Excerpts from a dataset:
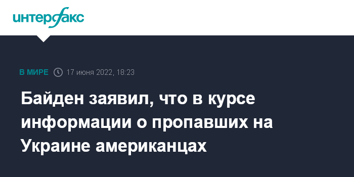 Москва. 17 июня. INTERFAX.RU - Президент США Джо Байден заявил, что его проинформировали о сообщениях по поводу пропавших на Украине американских гражданах.
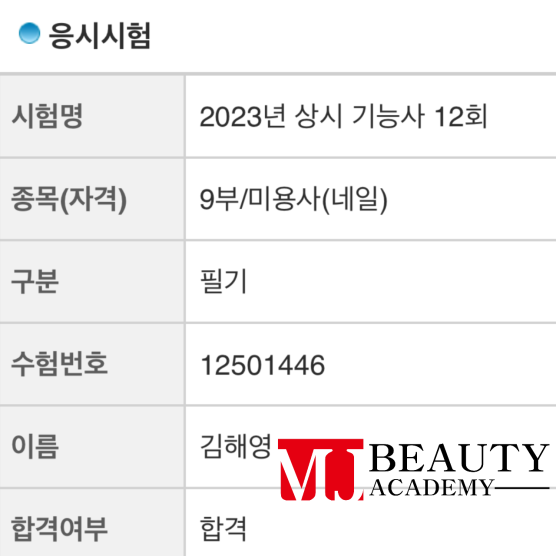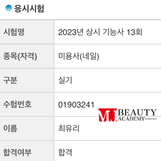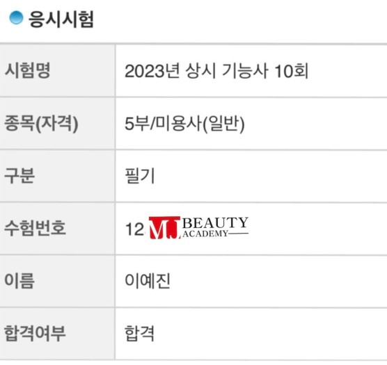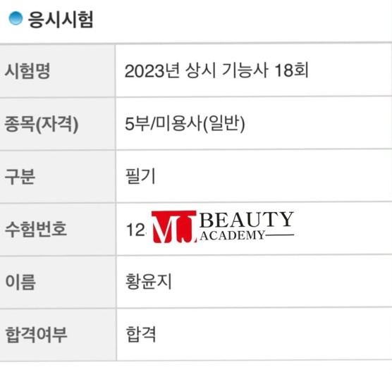 미용사(피부) 유채원 실기 최종합격을 축하드립니다 고득점으로 합격하셨네요^^ 열심히 하신만큼 기쁨소식이 넘치네요 진심으로 축하드립니다 꽃길만 걸으세요~~ 합격 취업 후기 2025.01.14
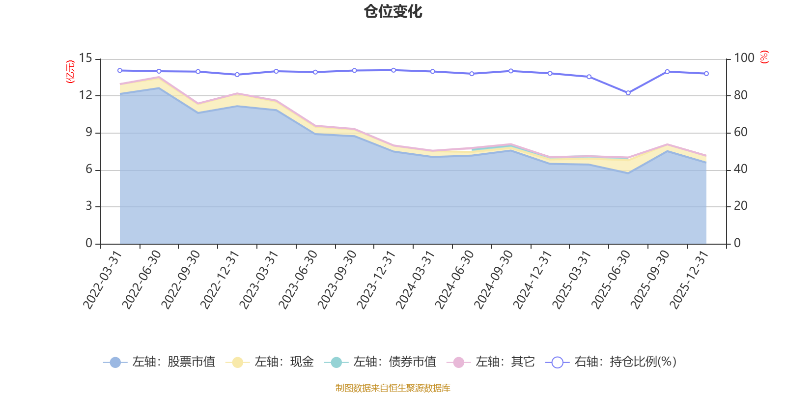 据定期报告数据统计,近三年平均股票仓位为91.85%,同类平均为85.83%。2023年末基金达到93.93%的最高仓位,2025年上半年末最低,为81.65%。
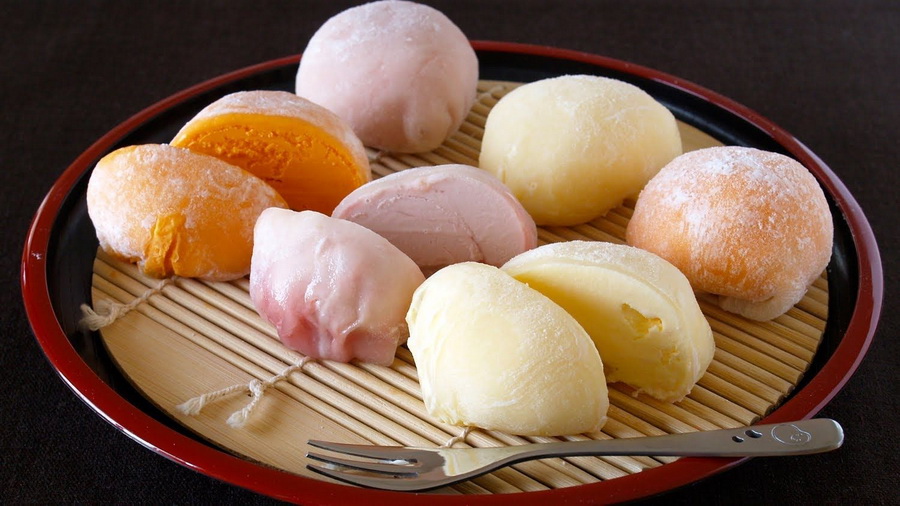 Für die Vorbereitung der nationalen japanischen Paste benötigen Sie 1 Glas Reismehl, 1 Tasse Zucker, etwa 1 Glas Wasser und 2 Tropfen Essig. Wenn Sie einen Farbstoff hinzufügen, können Sie verschiedene Farben erhalten. Für einen Füller können Sie eine Schokoladenpaste, ein Marmelade oder Obst oder Beeren nehmen. Wir machen Motto mit Eiscreme, ein solches Dessert ist in Sommerhitze relevant. Reismehlmischung mit Zucker und einem Lebensmittelfarbstoff, fügen Sie Wasser mit Essig hinzu und mischen Sie in einen homogenen Zustand. Zeigen Sie den Mikrowellenofen auf der Macht von 650-700 W aus und wärmen Sie den Teig 3-mal in 1,5 Minuten. Mischen Sie kontinuierlich. Wenn der Teig ein Bach ist cool ist, gießen Sie die Arbeitsfläche der Stärke auch auf die Hände. Machen Sie aus dem Teig eine Wurst, die von 8 gleichen Teilen abgedeckt ist. Jeder Teil rollt in einem dünnen Pfannkuchen in der Mitte die Füllung und wickeln Sie die Kanten in die Mitte. Einen runden Kuchen bilden. Mit Zuckerpulver bestreut und an den Tisch einreichen.
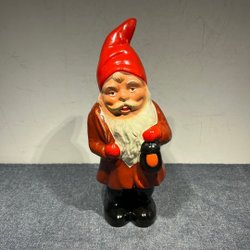 En charmig tomte från 1972. Tomten bär en lykta och har en klassisk design med röd luva och blå jacka. Perfekt som dekoration eller som en samlarobjekt.
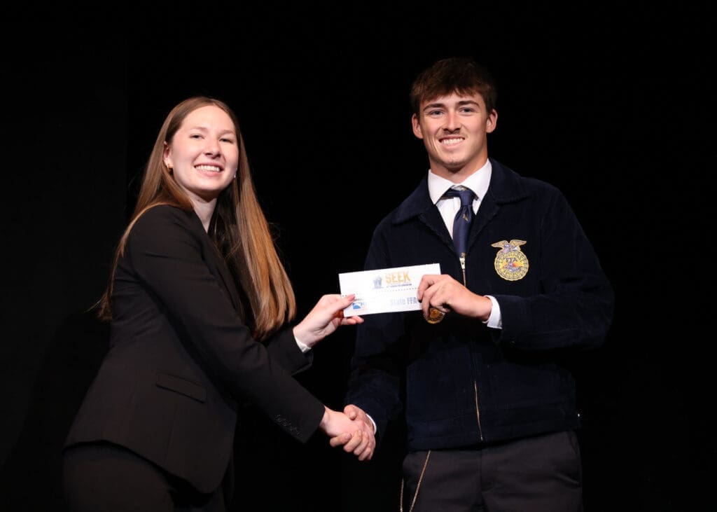 The State FFA Degree is the highest degree that the State FFA Association can bestow on a member. This degree is award annually at the State FFA Convention to those members who have met the minimum qualifications set forth by the Kansas FFA Association and National FFA Organization. The golden charm of the State FFA Degree is the symbol of growth and development in the members chosen occupation.
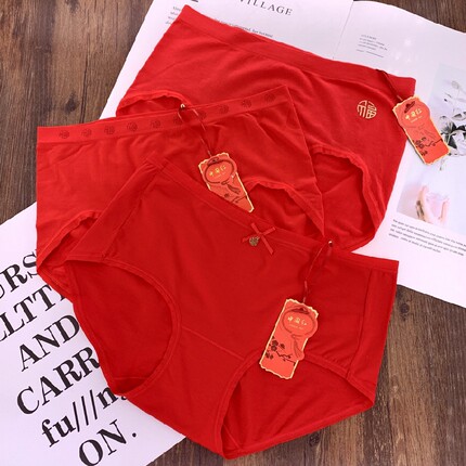 鹿人莫代尔女内裤大红色本命年无缝高弹裸感无痕中腰三角内裤
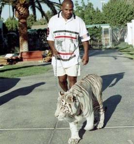 众所周知,顶级拳击冠军都喜欢养宠物。泰森和梅威瑟都养过老虎,但梅威瑟显然是在效仿泰森,梅威瑟只是假装和老虎打架。但是泰森是认真的。当泰森1995年第一次出狱时,他受到了汽车大亨托尼的启发,想养一些老虎来取乐。后来,泰森如愿以偿,真的养了几只老虎和狮子。拳击冠军泰森回忆起过去与老虎搏斗的情景:小时候太疯狂了,现在肯定不敢了
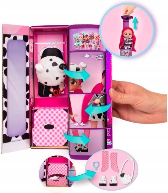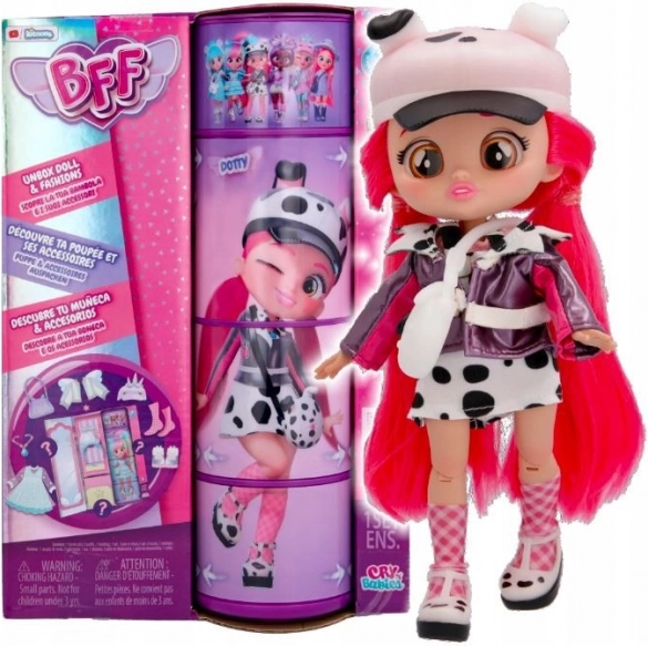 Poznaj swoją nową najlepszą przyjaciółkę – lalkę CRY BABIES BFF Dotty o wysokości 15 cm z jedwabistymi nylonowymi włosami, kryształkowymi oczami i w pełni ruchomym ciałem. W opakowaniu czeka ponad 9 niespodzianek, stylowe ubranka i akcesoria. Pudełko pełni funkcję szafy, więc zabawa zaczyna się od razu po rozpakowaniu!
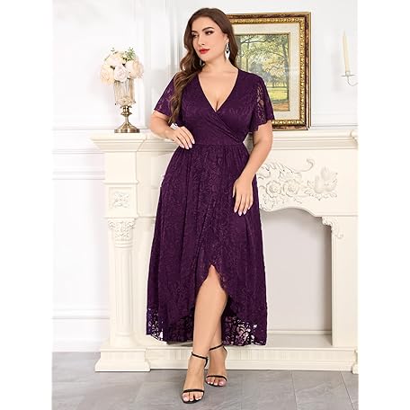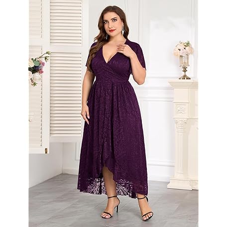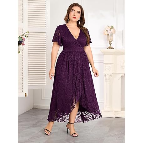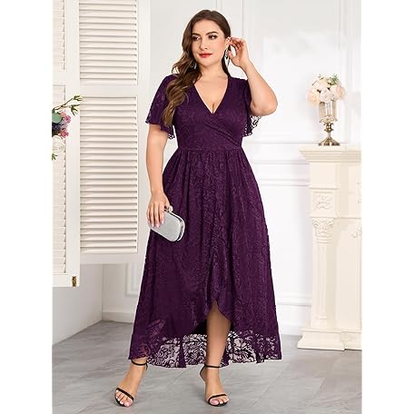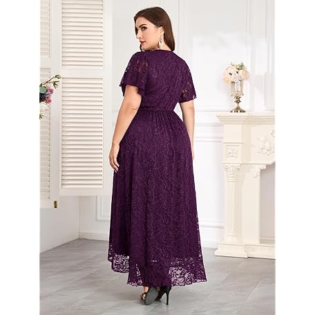 • ZOMVA Plus Size Floral Lace Dress Wrap V Neck High Low Ruffle Sleeve Evening Gown Formal Dresses Wedding Guests Cocktail
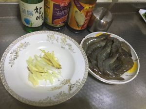 倒入适量料酒、大葱、姜丝、花椒、胡椒粉腌制半小时(适合用大一点面积的容器去腌制,比如把虾在盘子中摊开,这样更入味)。
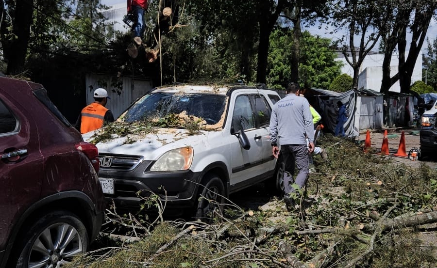Árbol cae sobre camioneta en Xalapa, no se reportan heridos
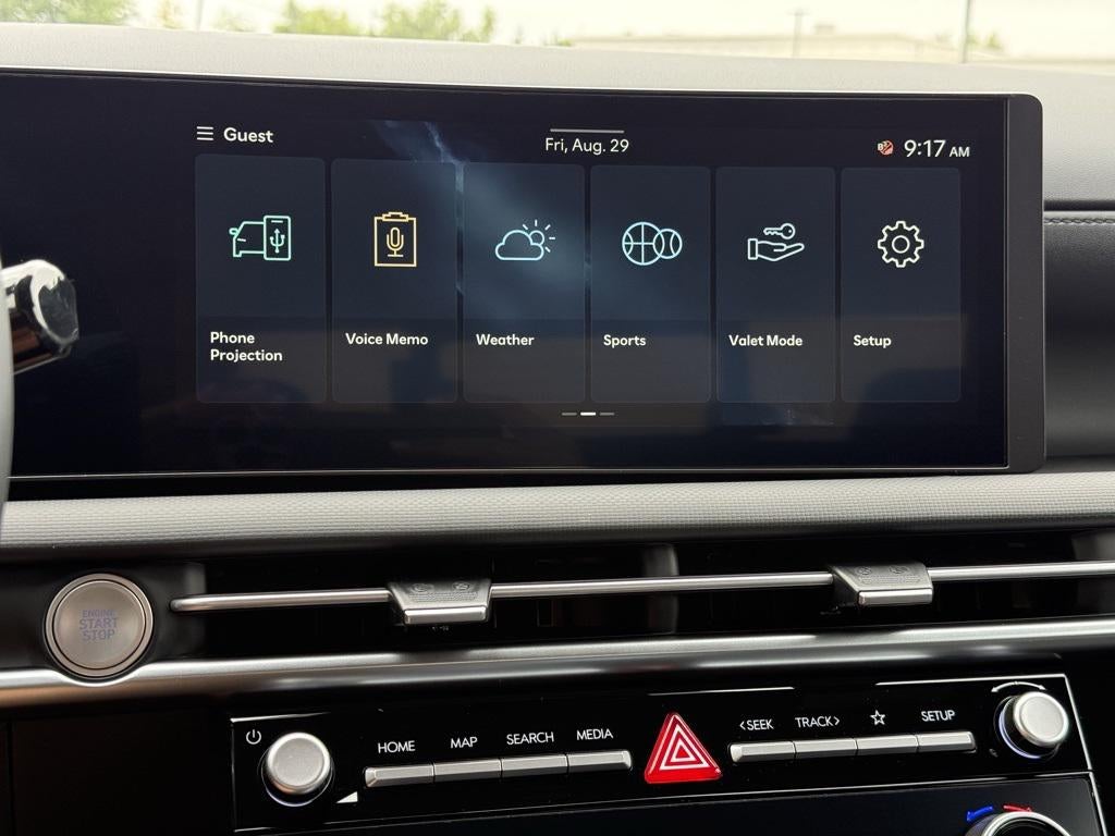 - Radio: AM/FM/HD Audio System -inc: 12.3" Audio-Video-Navigation (AVN) color touchscreen (ccNc) w/onboard navigation, 6 speakers, Blue Link+ connected car system, SiriusXM satellite radio w/3-month trial subscription, wireless Apple CarPlay and Android Auto integration, dynamic voice recognition, Over-the-Air (OTA) map updates and USB connectivity

→ **What you have to do**:
Nothing but the lines from the one that contains "倒入适量料酒、大葱、姜丝、花" through the last line of the records belongs in the answer, reproduced exactly, with no pictures.

→ **Written response**:
 倒入适量料酒、大葱、姜丝、花椒、胡椒粉腌制半小时(适合用大一点面积的容器去腌制,比如把虾在盘子中摊开,这样更入味)。
Árbol cae sobre camioneta en Xalapa, no se reportan heridos
 - Radio: AM/FM/HD Audio System -inc: 12.3" Audio-Video-Navigation (AVN) color touchscreen (ccNc) w/onboard navigation, 6 speakers, Blue Link+ connected car system, SiriusXM satellite radio w/3-month trial subscription, wireless Apple CarPlay and Android Auto integration, dynamic voice recognition, Over-the-Air (OTA) map updates and USB connectivity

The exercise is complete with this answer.